The problems Young showed, however, were that many of the filters have not been installed properly or maintained, thus making them completely inefficient.

In supplemental materials prepared by Young, he said that the city began purchasing the filters in 2006 though it was not done so through council approval.

With more than 1,300 filters, which cover two-thirds of Marco Island, it makes Marco Island the largest consumer per capita of filters than any other municipality in the state. 

Through 2018, the city has also used more than $731,000 in grant funding for purchase and maintenance, which is required quarterly but not done on Marco Island.

Performing a random sampling of different filter boxes around the city, Young found and documented the city's failures.

A random sampling of the locations of Suntree filters on Marco Island found them not be installed properly or maintained as directed.

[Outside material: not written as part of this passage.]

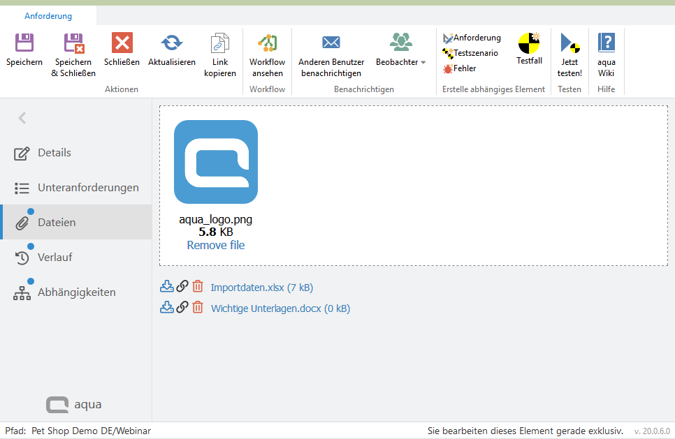 Sie können Anhänge zu Elementen oder Ausführungen in aqua Web hinzufügen. Dafür öffnen Sie ein Element und klicken auf Dateien in der Navigationseiste auf der linken Seite. Hier können Sie einfach Ihre Dateien hineinziehen oder in den grauen Bereich klicken, um nach einer Datei zu suchen. Nach dem Speichern können Sie die angehängten Dateien jederzeit wieder herunterladen, löschen oder einen Link zu der Datei in die Zwischenablage kopieren und verschicken oder zur Referenz in andere Elemente kopieren (z.B. können so die Anhänge eines Testfalls in einem der Testschritte referenziert werden, um sie bei der Testfallausführung leicht zugänglich zu machen).

Many of concrete boxes were too large for the baskets or had cutouts in the side, allowing stormwater flow to completely bypass the filter baskets.

Others were missing boom filters and showed no signs of receiving any maintenance.

As for what was found in the actual filters, Young said there was very little as the majority of the organic waste and sediment the city vacuums was beneath the filter boxes.

"It's impeding water flow, serves no value and is a waste of money," Young said. "Just because we screwed up doesn't mean we can't correct it. Just get rid of it."

With a large number of filters used on the island, Young said it was difficult for such a small public works staff to perform the necessary upkeep and required a third-party contractor to do so at a higher cost.

Public Works Director Tim Pinter said the city did not pay any money last year for maintaining the filters because a third party contractor was paid through FEMA reimbursement as a result of Hurricane Irma.

Young, however, questioned the use of that money given the results.

"Question is could that FEMA money have been spent wisely elsewhere?" Young said. "I think the answer is yes."

In calling for the city to end its use of the filters, Young suggested the city allocate the money budgeted for them to fund increased water quality testing.

He also suggested various improvements the city could make to swale and curb drains to aid in preventing materials from seeping into the canals.